This study demonstrates an association between an increase in antithrombin activity of less than 1%/IU/kg with worse patient outcomes. Our findings demonstrate that higher SOFA scores and higher FDP levels are associated with a smaller increase in antithrombin activity.

As previously performed in trauma-associated DIC [7, 8], antithrombin activity increased by approximately 1%/IU/kg in our study. Approximately 38.2% of patients with a baseline SOFA score > 13 and 39.7% with an FDP score > 25 μg/mL showed a 1%/IU/kg or more increase in activity. Patients with greater organ dysfunction and stronger coagulation/fibrinolysis activation exhibited a smaller increase in antithrombin activity, possibly due to increased consumption, suppressed hepatic production, and vascular leakage [19]. These findings underscore the importance of considering these factors when determining the optimal dosing and timing for administering antithrombin concentrate.

The observed association between increased antithrombin activity and improved survival may partly reflect baseline severity bias, as patients with greater responses might have had more favorable clinical conditions at the outset. To address this concern, we conducted a multivariate Cox proportional hazards analysis adjusted for baseline SOFA and JAAM DIC scores. The association between increased antithrombin activity and improved survival remained statistically significant after adjustment, supporting the robustness of the observed relationship.

To improve prognosis, the cutoff of post-treatment antithrombin activity was reported to be approximately 80% [6]. Given that the baseline antithrombin activity in our cohort was approximately 49% and the average body weight was 54 kg, patients who received a standard dose of 1,500 IU/day likely reached this cutoff. This suggests that an increase of 1%/IU/kg antithrombin activity may differentiate favorable therapeutic outcomes. However, this response was not consistent across all patients—those with higher baseline SOFA scores or elevated FDP levels appeared to require larger doses of antithrombin to achieve comparable increases. Notably, the 80% target level has been suggested in retrospective studies but has not been validated in prospective trials. Therefore, further prospective investigation is warranted to determine the optimal target antithrombin activity level.

Previous reports, such as the KyberSept trial, have suggested that high-dose antithrombin administration may increase bleeding risk [11]. On the contrary, our study did not find a direct association between antithrombin activity and bleeding risk. Concomitant use of anticoagulants, including heparin, protease inhibitors, and thrombomodulin, was also not associated with increased bleeding. A sensitivity analysis limited to major bleeding events yielded similar results (Suppl. Table 3). In the KyberSept trial, approximately 70% of patients received heparin during the first 4 days of treatment, while in our cohort only 14.1% did. Moreover, the total antithrombin dose in KyberSept was 30,000 IU over 4 days, markedly higher than the standard Japanese regimen of 1,500 IU/day, typically administered for 3 days. These differences in both concomitant heparin use and total antithrombin dose may partly explain the lower bleeding incidence observed in our cohort. In our cohort, the overall incidence of bleeding was 5.5%, consistent with previous reports such as Umemura et al. [20]. Similarly, J-SSCG 2024 notes that bleeding complications may increase by 8 per 1,000 patients (95% CI: − 24 to + 89) with antithrombin administration, based on randomized controlled trial data [5]. These findings suggest that although anticoagulant therapy using antithrombin may carry a risk of bleeding, the risk appears to be lower in patients with sepsis-associated DIC.

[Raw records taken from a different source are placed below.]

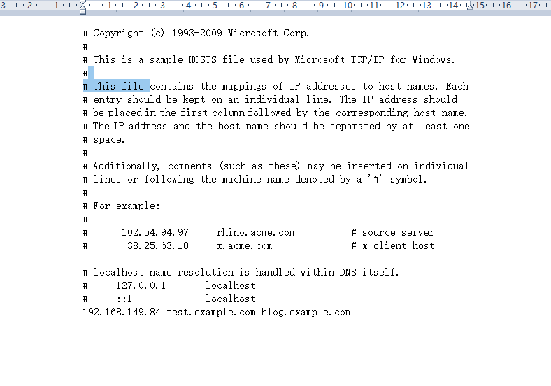 1 [root@localhost ~]# ip addr add 192.168.149.84/24 dev ens33 2 [root@localhost ~]# ip a s ens33 3 2: ens33: <BROADCAST,MULTICAST,UP,LOWER_UP> mtu 1500 qdisc fq_codel state UP group default qlen 1000 4 link/ether 00:0c:29:bc:11:bf brd ff:ff:ff:ff:ff:ff 5 inet 192.168.149.85/24 brd 192.168.149.255 scope global noprefixroute ens33 6 valid_lft forever preferred_lft forever 7 inet 192.168.149.84/24 scope global secondary ens33 8 valid_lft forever preferred_lft forever 9 inet6 fe80::20c:29ff:febc:11bf/64 scope link 10 valid_lft forever preferred_lft forever 添加一个84的新ip 11 12 [root@localhost ~]# vim /usr/local/apache/conf/extra/httpd-vhosts.conf 13 <VirtualHost 192.168.149.85:80> 14 DocumentRoot "/usr/local/apache/htdocs/test.example.com" 15 ServerName test.example.com 16 ErrorLog "logs/test.example.com-error_log" 17 CustomLog "logs/test.example.com-access_log" common 18 </VirtualHost> 19 <VirtualHost 192.168.149.84:80> 20 DocumentRoot "/usr/local/apache/htdocs/blog.example.com" 21 ServerName blog.example.com 22 ErrorLog "logs/blog.example.com-error_log" 23 CustomLog "logs/blog.example.com-access_log" common 24 </VirtualHost> 把*号去掉输入要访问的ip 25 [root@localhost ~]# systemctl stop httpd 先停掉 26 [root@localhost ~]# ss -antl 27 State Recv-Q Send-Q Local Address:Port Peer Address:Port Process 28 LISTEN 0 128 0.0.0.0:22 0.0.0.0:* 29 LISTEN 0 128 [::]:22 [::]:* 30 [root@localhost ~]# systemctl start httpd在启动 31 [root@localhost ~]# ss -antl 32 State Recv-Q Send-Q Local Address:Port Peer Address:Port Process 33 LISTEN 0 128 0.0.0.0:22 0.0.0.0:* 34 LISTEN 0 128 *:80 *:* 35 LISTEN 0 128 [::]:22 [::]:* 36
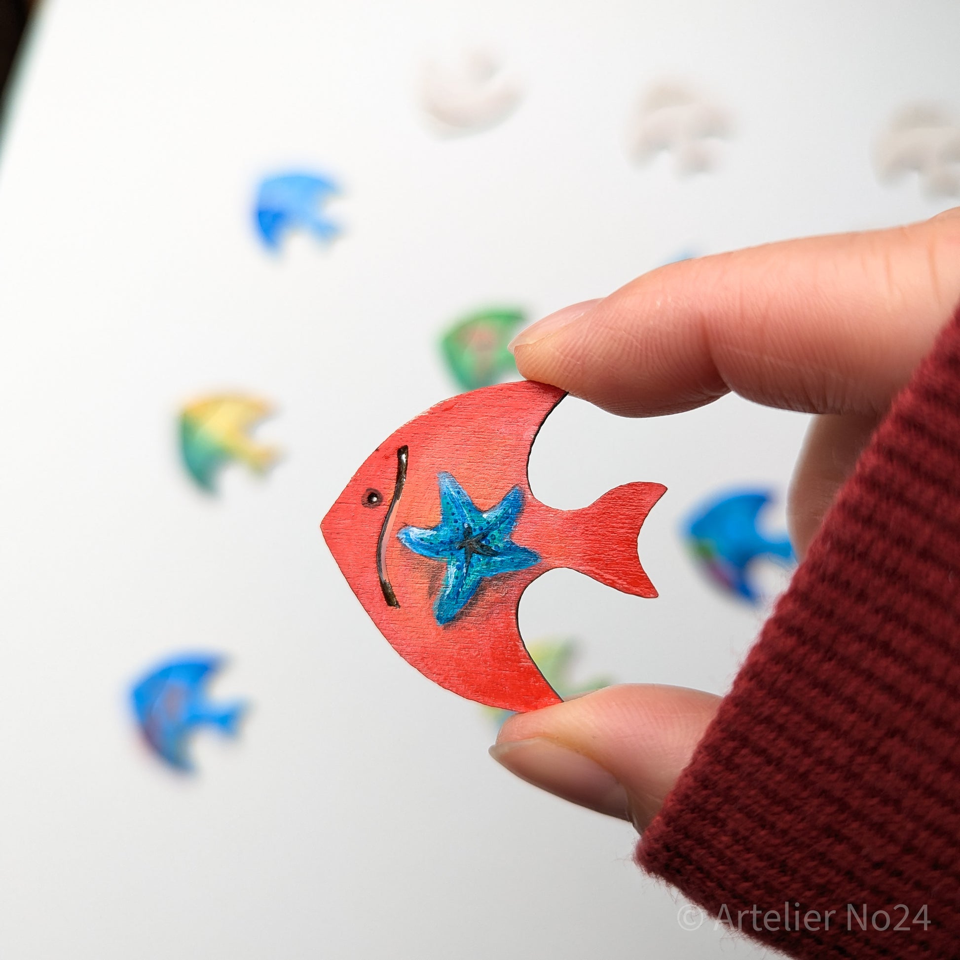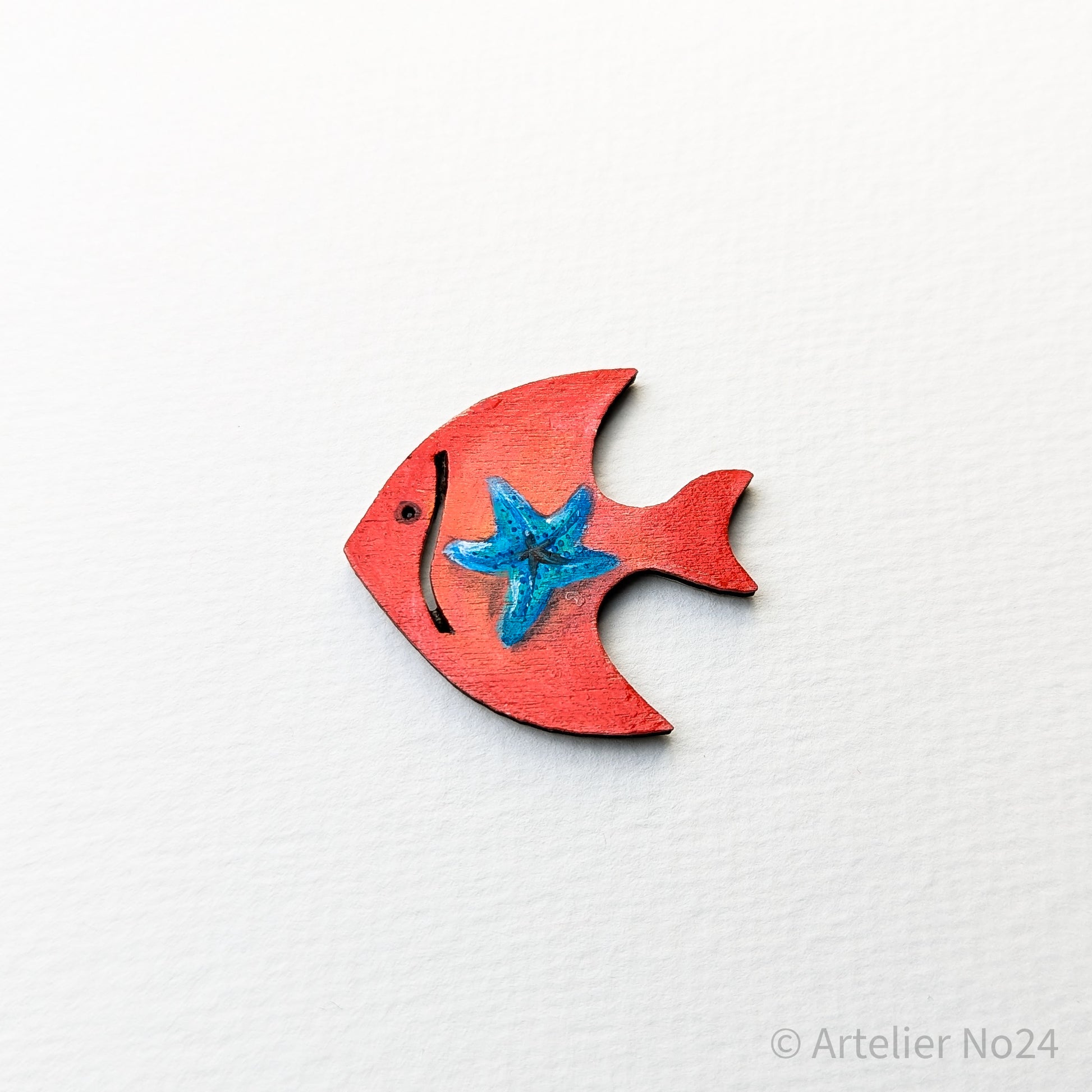 Holzminiatur Fisch – Handbemalte Brosche/Magnet - BRMAFI-0801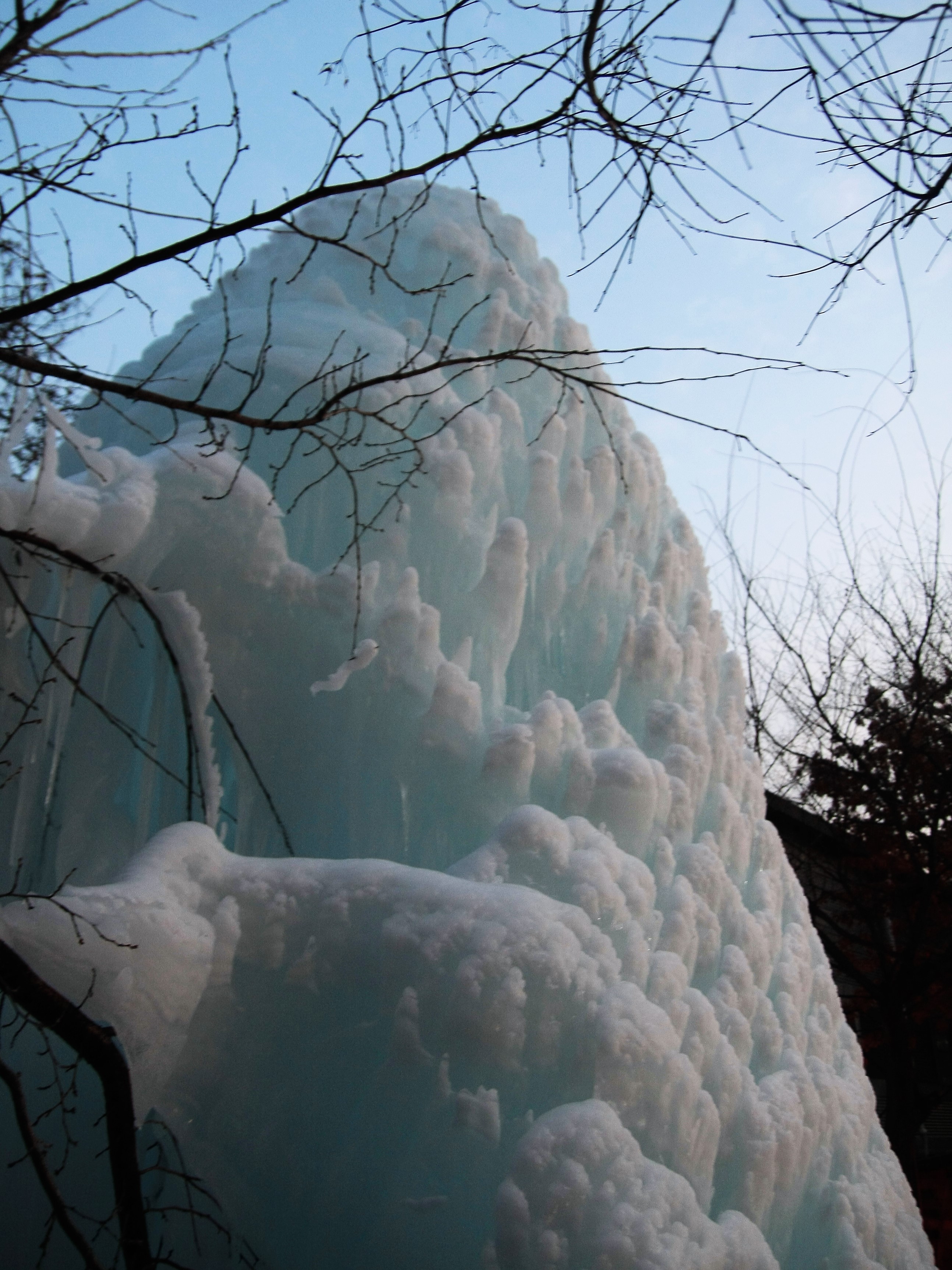 3미터 이상 높이의 분수의 물이 얼어서 만들어진 산봉오리같은 분수탑이 생겼네요. 정말 겨울이라는 사실을 다시금 실감나게 하는 모습같습니다.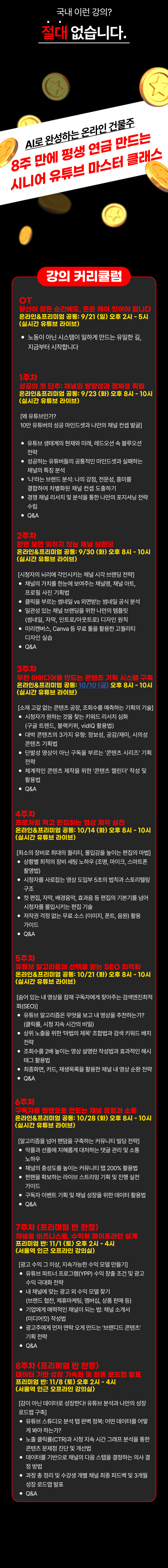 [정규 6주 마스터 클래스] 본 강의는 O.T 수업 (1회) + 온라인 라이브 (6회) 형태로 총 7회 진행됩니다.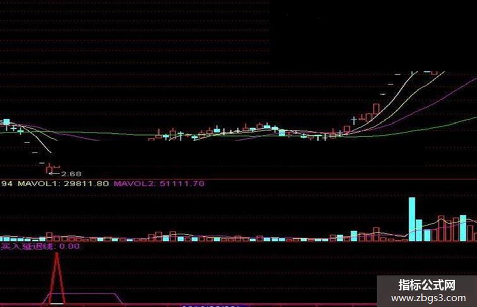 VAR2:=TROUGHBARS(3,15,1)<10; VAR3:=PEAKBARS(3,15,1)<10; VAR4:=IF(VAR2=1,50,0); VAR5:=IF(VAR3=1,50,0); 底部:=IF(VAR4=50,10,0); 多头能量:0,COLORWHITE,LINETHICK2; 买入:IF(底部=10 AND REF(底部,1)=10 AND REF(底部,2)=0,50,0),COLOR0000CC,LINETHICK2; 买入延迟线:底部,LINETHICK1;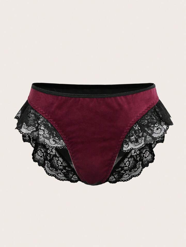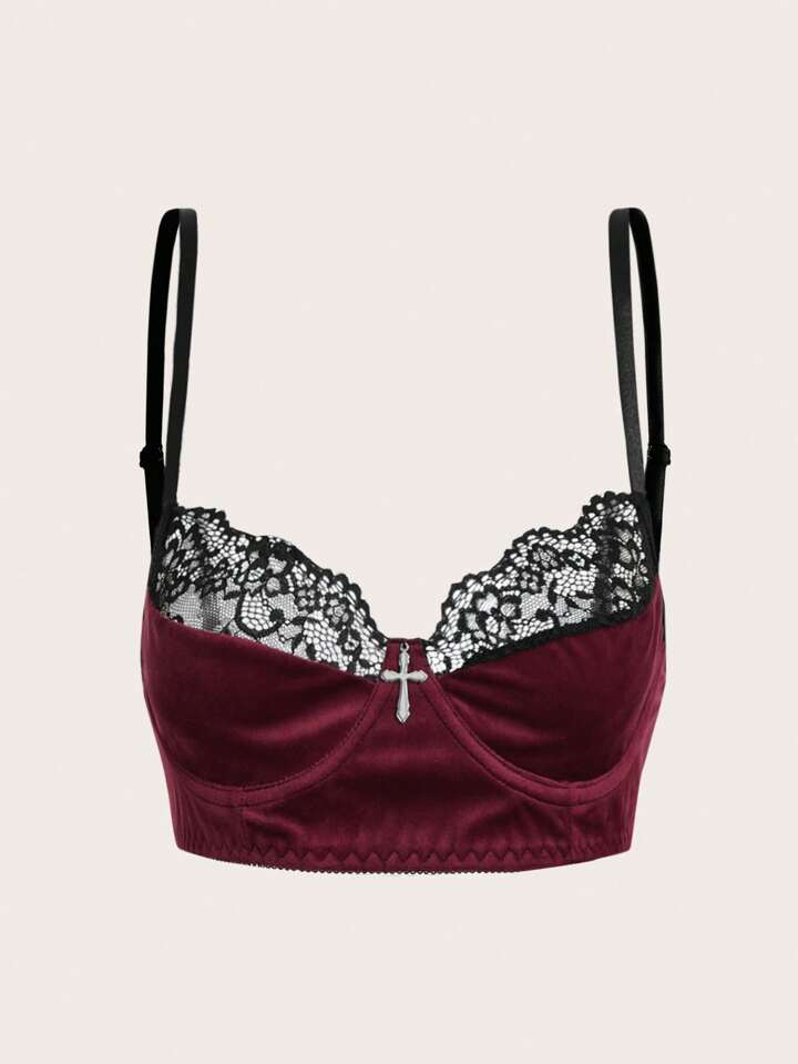 Goth Women's Lace Splice Velvet Bra And Panties Set

This study had several limitations. First, because of the retrospective nature, missing data were relatively common. In particular, antithrombin activity on Day 1 was frequently missing. Second, the antithrombin dosage was not standardized and was administered at the discretion of the attending physician, potentially introducing variability in dosing and treatment decisions. Although post-administration activity levels were available, treatment adjustments based on these values were not protocolized, raising the possibility of clinician-driven bias and residual confounding. Third, although we utilized only baseline and Day 1 data, 58.5% of cases received treatment over three days, which might affect patient outcomes. Finally, because our analysis only included patients who received antithrombin, we were unable to compare the incidence of bleeding with that in patients without treatment.